You may have chuckled and rolled your eyes on first hearing of Test Icicles, a shoo-in should they ever start handing out awards for the worst named bands in history.
Yet the punning moniker is smartly chosen. Puerile, ugly and naff, ‘Test Icicles’ encapsulates the group’s sound, a splurging, sprawling pile-up of hip-hop, industrial metal and sample-laden indie-pop.
“We kind of picked it by accident,” explains Sam Mehran, whose tattered howl is perhaps the only indication that the 13 tracks that comprise Test Icicles’ debut For Screening Purposes Only, are the work of a single band.
“At the time of our first gig we hadn’t really formed as a group,” 19-year-old Mehran recalls. “We were just messing about. Then we got the opportunity of supporting a mate’s group and had to come up with a name in a hurry. To be honest, we hadn’t really thought too hard about it.”

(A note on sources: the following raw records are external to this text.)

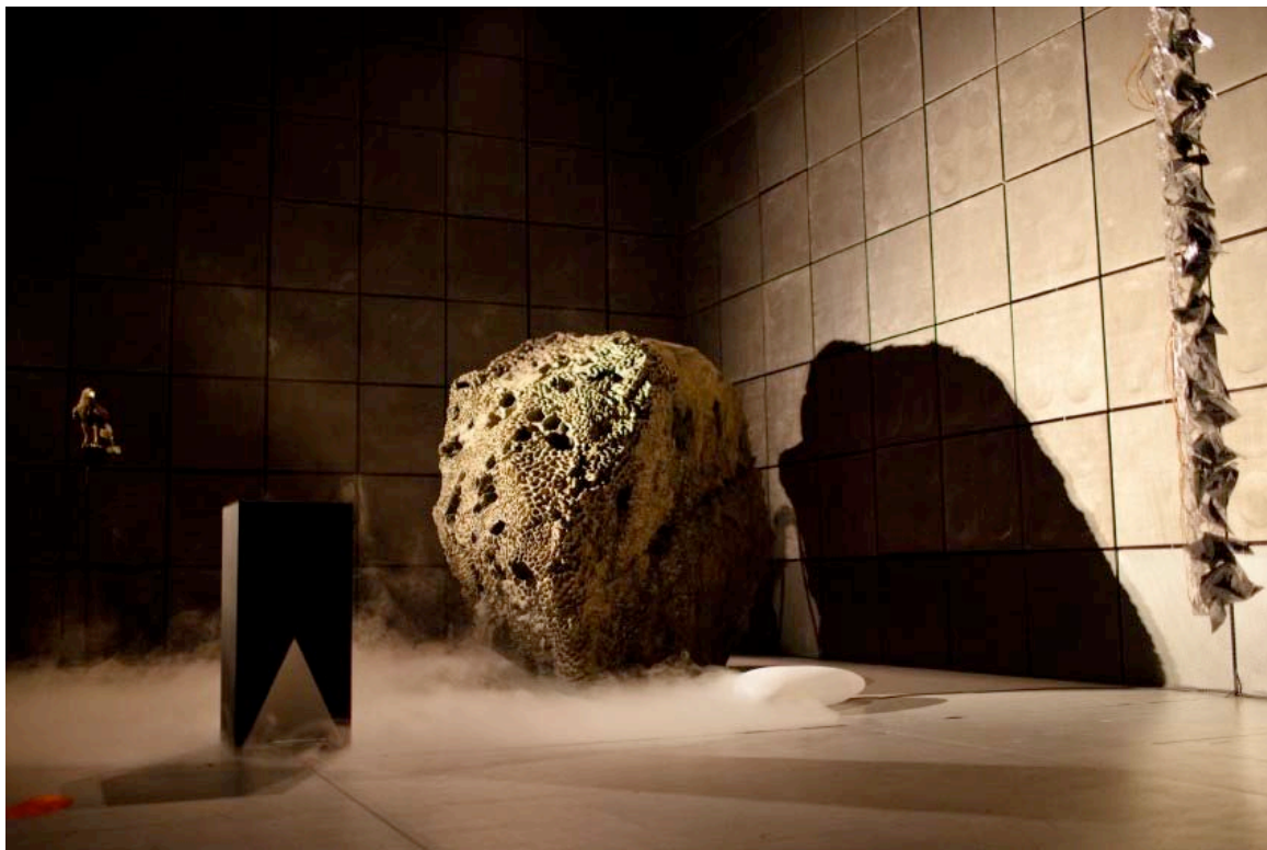
Ils traversent les pistes sur des morceaux de tissus pour ne pas laisser de trace [They cross the tracks on pieces of fabric so as to leave no trace] Theatre piece for children by Virginie Yassef, La Gaîté Lyrique, 7–15 April 2012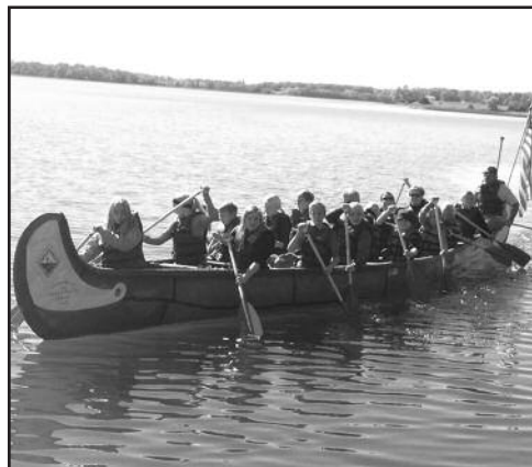
34ft Voyager Canoe ~ Because we're all in the same boat!

Please remember Prairie Woods in your estate planning and annual giving.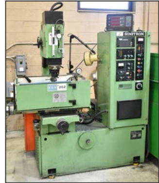
SINTRON ED252 sinker type EDM

A dreadful name can serve as a useful calling card however and Test Icicles find themselves lauded as a potential breakthrough act for 2006. Like kindred pop brats Arctic Monkeys, the Nottingham trio are riding on a wave of grass-roots populism, using the internet to bypass the creaking machinery of the music industry and speak directly to their fanbase.
Chaotic studies in freeform, their live shows have become a celebration of catharsis. Test Icicles are ardently committed to ripping aside the veil between audience and performer. Gigs frequently end in stage invasions – at the behest of the band.

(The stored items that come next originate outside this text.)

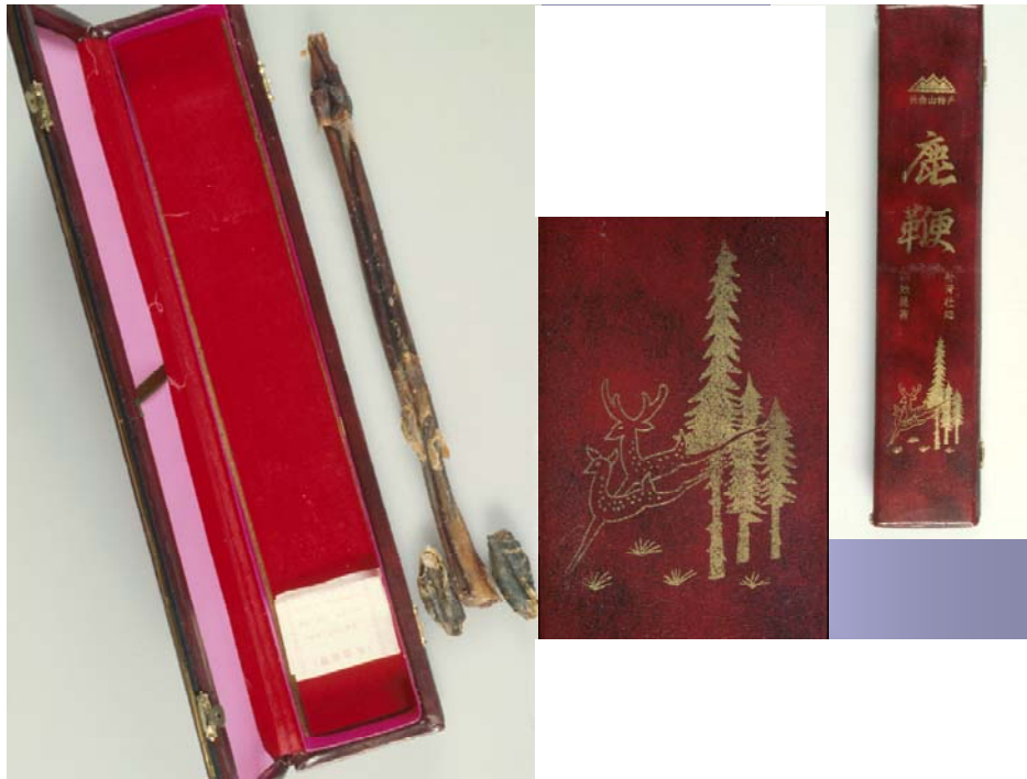
Fig. 7. A putative deer penis in a decorative box. Serological assay determined the tissues to be bovine.

Serological analysis using immunodiffusion determined that dried tissue from the corpus cavernosum (shaft) of the penis was consistent with bovine tissue. The tests were non-reactive to cervine antisera, indicating that the penis was not tissue from a member of the deer family, but was from a bull and, therefore, from the bovine family.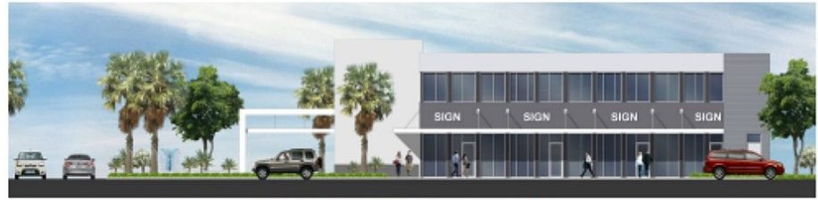
PROPOSED SOUTH ELEVATION OPTION 1 SCALE: 1/16"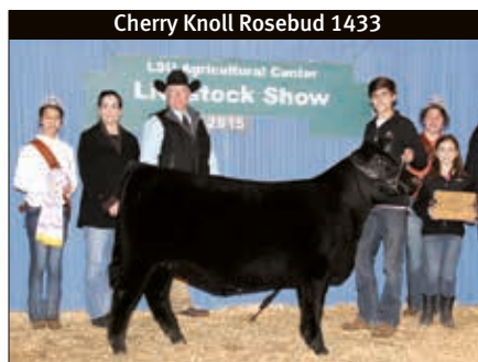
Cherry Knoll Rosebud 1433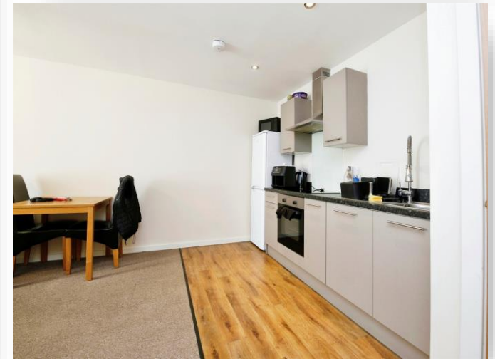
Marina House Harbour Walk, Hartlepool TS24 0UX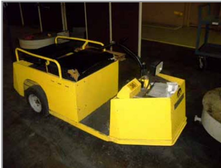
(10) CUSHMAN ELECTRIC MAINT CARTS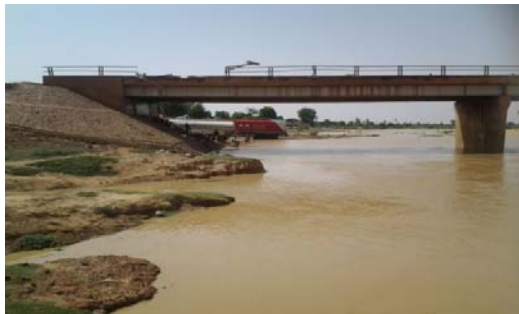
Fig. 2 Station B: At the bridge (domestic and industrial activities discharge untreated effluent into the receiving stream)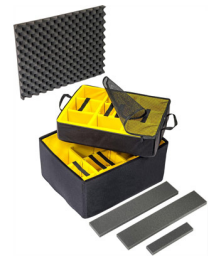
1637AirDS Padded Divider Set

P.O. Box 936 Sykesville, MD 21784 www.SpecialtyCases.com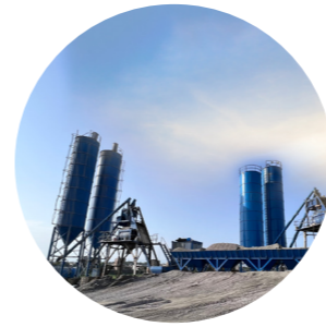
CONCRETE PLANT (03 SHOTS)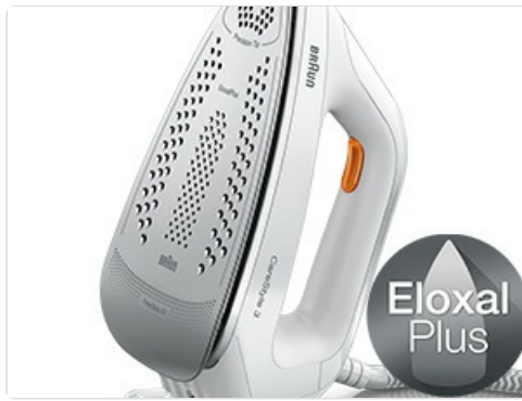
Figure 3.6: Close-up of the Eloxal Plus soleplate, known for its excellent glide and scratch resistance.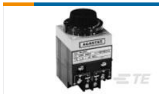
TE Part #1-1423159-9 7012PB=RLY,STD,ON,2P,125VDC, 5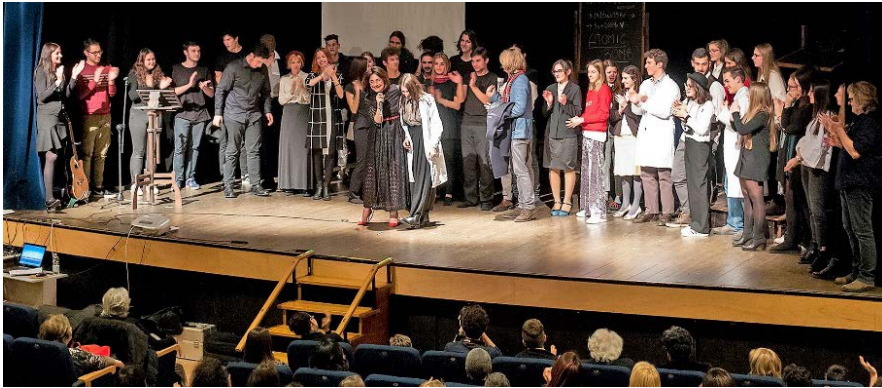
Figure 1. Theatre Teaches, Professor and students, University of Brescia (2018).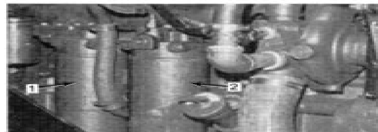
Figure 62: L10 Cummins

1- By-Pass Oil Filter 2- Full Flow Filter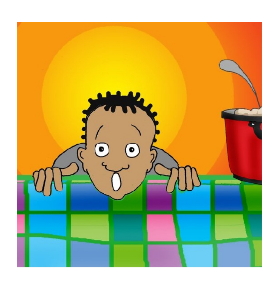
"Wu! Dad! You put salt on my porridge!"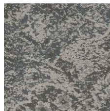
Heritage 85530 LRV 15.4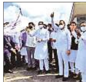
Thackeray flagged off the first flight from Sindhudurg airport on Saturday.

The inauguration of Chipli airport was held in a hybrid mode with Thackeray flagging off the first flight to Mumbai. Union Civil Aviation Minister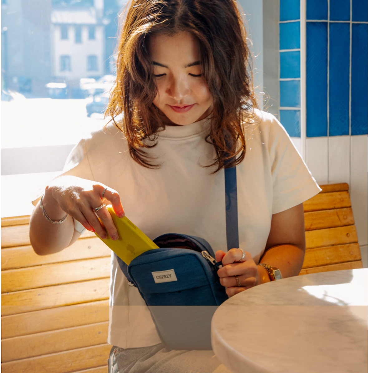
All products styles and colours subject to availability.

Our curated collection of premium merchandise is crafted with durability, design and purpose in mind. We believe that great products should do more than just look good. They should be made to last, with quality materials and timeless design that stand up to everyday use and reflect true value over time. Our product selection is built for longevity – the kind of merchandise people reach for often and use again and again.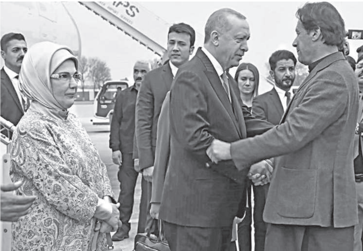
Turkish President Recep Tayyip Erdogan (C) shakes hands with Pakistan’s Prime Minister Imran Khan upon his arrival at the Nur Khan airport in Rawalpindi, yesterday.

The VFA is important to the overall US-Philippines alliance and sets out rules for U.S. soldiers operating in the Philippines, a former US territory. Washington has called the relationship “ironclad,” despite Duterte’s complaints that include allegations of U.S. hypocrisy and ill treatment.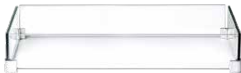
Windscreen Rectangle | GPFTR-WNDSCRN

“It’s so old fashioned to say that the performer should be up there on a perch, apart from the audience,” says Mehran. “That’s just such a naff idea. It’s much more interesting, from our perspective, to get directly involved with the crowd.”
Such generosity does not extend to Test Icicle’s recorded output, which is often brutal and, it appears, deliberately unlistenable. Critics tend to find something cartoonish in Test Icicles’ sonic assault, suggesting the group has a fondness for mixing wildly incompatible genres (they are often said to sound like AC/DC and Massive Attack playing in adjoining rooms, at the wrong speed).
Yet the Icicles are no kindergarten noiseniks serving up unpalatable blasts of aggravation simply to annoy and perplex. Rather, they regard themselves as following in a tradition of art-house industrial rock. Their heroes include Big Black, Throbbing Gristle and Aphex Twin – artists that have challenged the most basic assumptions about the character and purpose of popular music.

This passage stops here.